Café gourmand
Il est encore possible d’assister à un bon match de rugby (bon, pas forcément beau) sans qu’aucun essai ne meuble le score. Ce fut le cas jeudi soir à Colomiers, alors qu’une pluie glaciale s’était invitée, lors d’une rencontre ponctuée par le succès du club à la Colombe aux dépens de Brive (15-9) et de son artillerie lourde. Sans essai validé. Car Rodrigo Marta en a inscrit deux, invalidés après arbitrage vidéo. Les buteurs ont donc fait le job à l’image de Thomas Girard, auteur d’un 4/4 dans ses tentatives avec, en outre, un drop de Maxime Javaux avant sa sortie prématurée entraînant un remaniement des lignes arrières. Il nous a permis d’apprécier le punch retrouvé d’un garçon comme Martin Dulon rarement vu à son avantage depuis le début de la saison.

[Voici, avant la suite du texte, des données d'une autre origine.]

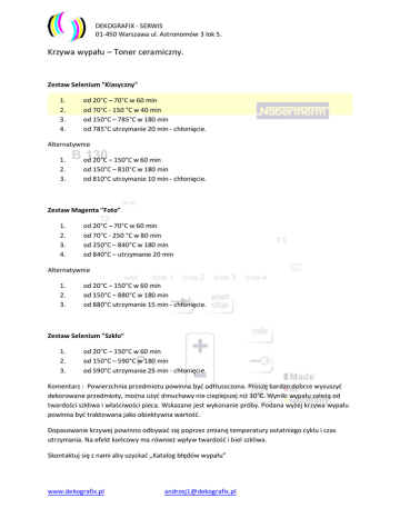 DEKOGRAFIX - SERWIS 01-450 Warszawa ul. Astronomów 3 lok 5. Krzywa wypału – Toner ceramiczny. Zestaw Selenium "Klasyczny" 1. 2. 3. 4. od 20°C – 70°C w 60 min od 70°C - 150 °C w 40 min od 150°C – 785°C w 180 min od 785°C utrzymanie 20 min - chłonięcie. Alternatywnie 1. 2. 3. od 20°C – 150°C w 60 min od 150°C – 810°C w 180 min od 810°C utrzymanie 10 min - chłonięcie. Zestaw Magenta "Foto" 1. 2. 3. 4. od 20°C – 70°C w 60 min od 70°C - 250 °C w 80 min od 250°C – 840°C w 180 min od 840°C – utrzymanie 20 min Alternatywnie 1. 2. 3. od 20°C – 150°C w 60 min od 150°C – 880°C w 180 min od 880°C utrzymanie 15 min - chłonięcie. Zestaw Selenium "Szkło" 1. 2. 3. od 20°C – 150°C w 60 min od 150°C – 590°C w 180 min od 590°C utrzymanie 25 min - chłonięcie. Komentarz : Powierzchnia przedmiotu powinna być odtłuszczona. Proszę bardzo dobrze wysuszyć dekorowane przedmioty, można użyć dmuchawy nie cieplejszej niż 30°C. Wyniki wypału zależą od twardości szkliwa i właściwości pieca. Wskazane jest wykonanie próby. Podana wyżej krzywa wypału powinna być traktowana jako obiektywna wartość. Dopasowanie krzywej powinno odbywać się poprzez zmianę temperatury ostatniego cyklu i czas utrzymania. Na efekt końcowy ma również wpływ twardość i biel szkliwa. Skontaktuj się z nami aby uzyskać „Katalog błędów wypału” www.dekografix.pl [email protected]

Métamorphosés par rapport à leurs dernières sorties (Rouen et Agen), les Columérins, pourtant indisciplinés — ils ont été souvent pénalisés au sol —, ont dominé les débats à partir d’une énorme défense, le symbole du caractère et de la solidarité, dans le sillage d’une troisième ligne de gala. Ajoutez une conquête touche-mêlée royale (pas un ballon perdu face à l’alignement réputé des Corréziens), un bon jeu au pied d’occupation et vous comprendrez comment les Brivistes, malgré une certaine efficacité dans les grattages, ont pu voir leurs velléités se briser sur le mur bleu.

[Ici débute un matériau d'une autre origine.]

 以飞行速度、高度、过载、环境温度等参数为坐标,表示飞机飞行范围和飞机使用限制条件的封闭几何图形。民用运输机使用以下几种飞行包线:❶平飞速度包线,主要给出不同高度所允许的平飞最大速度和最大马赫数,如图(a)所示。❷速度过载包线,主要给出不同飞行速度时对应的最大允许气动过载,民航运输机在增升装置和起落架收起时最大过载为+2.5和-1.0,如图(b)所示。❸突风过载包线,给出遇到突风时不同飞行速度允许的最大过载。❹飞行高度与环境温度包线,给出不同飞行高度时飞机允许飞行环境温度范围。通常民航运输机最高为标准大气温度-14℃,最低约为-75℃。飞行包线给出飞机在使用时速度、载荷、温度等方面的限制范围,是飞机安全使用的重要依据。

Si le groupe Trois Cafés Gourmands a pu vanter les mérites d’une Corrèze qu’il avait dans le cathéter (« À nos souvenirs ») , les Columérins, eux, y avaient une grinta retrouvée et ils ont pu servir un café gourmand à leur public. Leur mission pouvait, au coup d’envoi, paraître très difficile. Impossible disaient certains. Et pourtant… Il y a quelques décennies, Max Urbini, footballeur devenu une sommité du journalisme sportif, racontait dans l’une de ses savoureuses chroniques sur RMC la vision de l’impossible de Numa Andoire, ancienne gloire de l’OGC Nice. Devenu entraîneur, celui-ci expliqua un jour à l’un des ses jeunes joueurs que rien n’était impossible si ce n’était de remettre le dentifrice dans son tube après l’en avoir sorti.
Avec ce Colomiers-là, tout semble possible, dans un sens comme dans l’autre tant l’inconstance frappe l’équipe. Alors, si le dentifrice n’est pas gaspillé, ses joueurs mordront peut-être à belles dents dans le succès.